§ Material for the task:

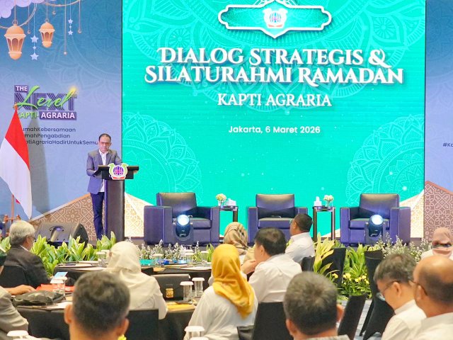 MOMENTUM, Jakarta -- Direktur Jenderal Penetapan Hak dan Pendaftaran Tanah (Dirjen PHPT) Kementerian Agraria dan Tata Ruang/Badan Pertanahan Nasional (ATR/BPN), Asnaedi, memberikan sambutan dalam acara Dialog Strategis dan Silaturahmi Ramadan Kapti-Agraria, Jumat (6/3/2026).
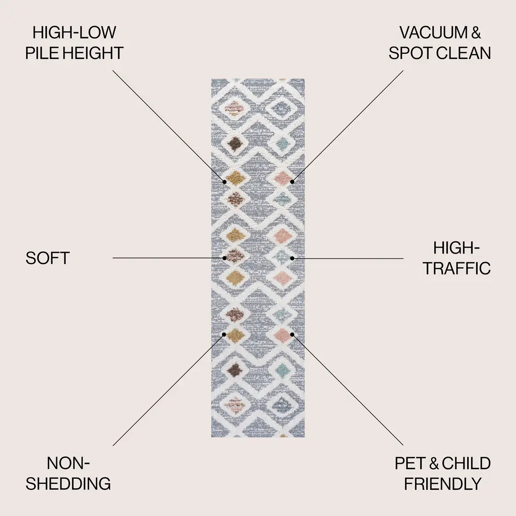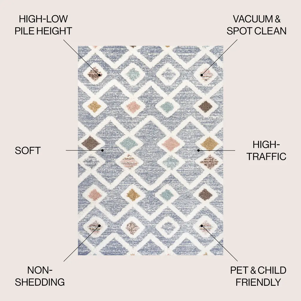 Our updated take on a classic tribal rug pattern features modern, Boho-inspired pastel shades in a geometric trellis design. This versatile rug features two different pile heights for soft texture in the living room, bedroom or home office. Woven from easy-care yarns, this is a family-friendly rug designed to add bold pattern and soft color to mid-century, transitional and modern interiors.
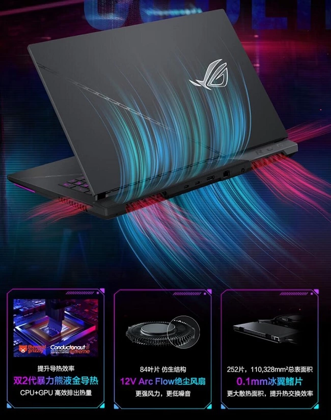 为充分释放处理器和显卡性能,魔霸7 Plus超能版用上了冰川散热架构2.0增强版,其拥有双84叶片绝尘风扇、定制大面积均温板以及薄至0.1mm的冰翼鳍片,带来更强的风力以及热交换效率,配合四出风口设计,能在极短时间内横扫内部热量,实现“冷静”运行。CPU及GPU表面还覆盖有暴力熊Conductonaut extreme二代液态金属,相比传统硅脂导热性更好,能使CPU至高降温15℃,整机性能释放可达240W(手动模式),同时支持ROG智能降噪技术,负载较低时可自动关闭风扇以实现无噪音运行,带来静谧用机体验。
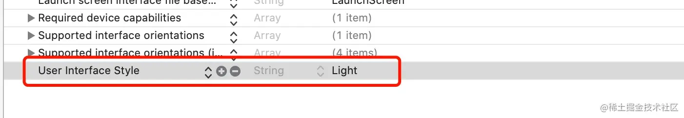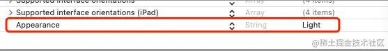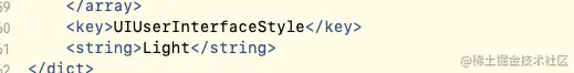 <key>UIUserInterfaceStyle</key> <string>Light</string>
* * *
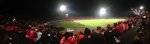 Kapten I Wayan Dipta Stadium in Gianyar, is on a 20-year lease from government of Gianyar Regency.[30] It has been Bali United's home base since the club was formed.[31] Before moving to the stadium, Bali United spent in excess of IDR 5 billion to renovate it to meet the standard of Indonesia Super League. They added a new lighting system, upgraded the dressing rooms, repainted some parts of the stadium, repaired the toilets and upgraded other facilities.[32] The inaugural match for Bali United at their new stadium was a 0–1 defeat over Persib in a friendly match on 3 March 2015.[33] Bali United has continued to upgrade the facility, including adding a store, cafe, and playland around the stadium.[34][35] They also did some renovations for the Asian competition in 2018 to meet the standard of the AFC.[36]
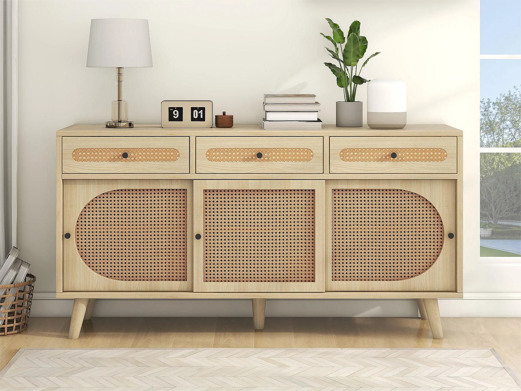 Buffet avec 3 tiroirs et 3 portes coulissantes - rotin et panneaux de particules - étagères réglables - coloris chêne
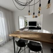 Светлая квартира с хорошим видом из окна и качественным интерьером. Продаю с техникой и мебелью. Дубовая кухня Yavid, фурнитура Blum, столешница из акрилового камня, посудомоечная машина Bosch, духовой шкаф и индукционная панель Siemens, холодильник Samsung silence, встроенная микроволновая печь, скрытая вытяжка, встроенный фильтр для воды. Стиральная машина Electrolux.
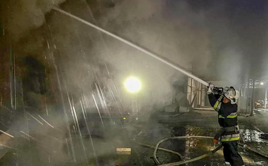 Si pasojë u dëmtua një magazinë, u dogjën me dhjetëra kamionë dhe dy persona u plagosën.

§ Your task: With the pictures omitted, copy exactly the lines of the listing above starting at the line containing "Светлая квартира с" and ending at the line containing "Si pasojë u", both included.

§ Final answer:
 Светлая квартира с хорошим видом из окна и качественным интерьером. Продаю с техникой и мебелью. Дубовая кухня Yavid, фурнитура Blum, столешница из акрилового камня, посудомоечная машина Bosch, духовой шкаф и индукционная панель Siemens, холодильник Samsung silence, встроенная микроволновая печь, скрытая вытяжка, встроенный фильтр для воды. Стиральная машина Electrolux.
 Si pasojë u dëmtua një magazinë, u dogjën me dhjetëra kamionë dhe dy persona u plagosën.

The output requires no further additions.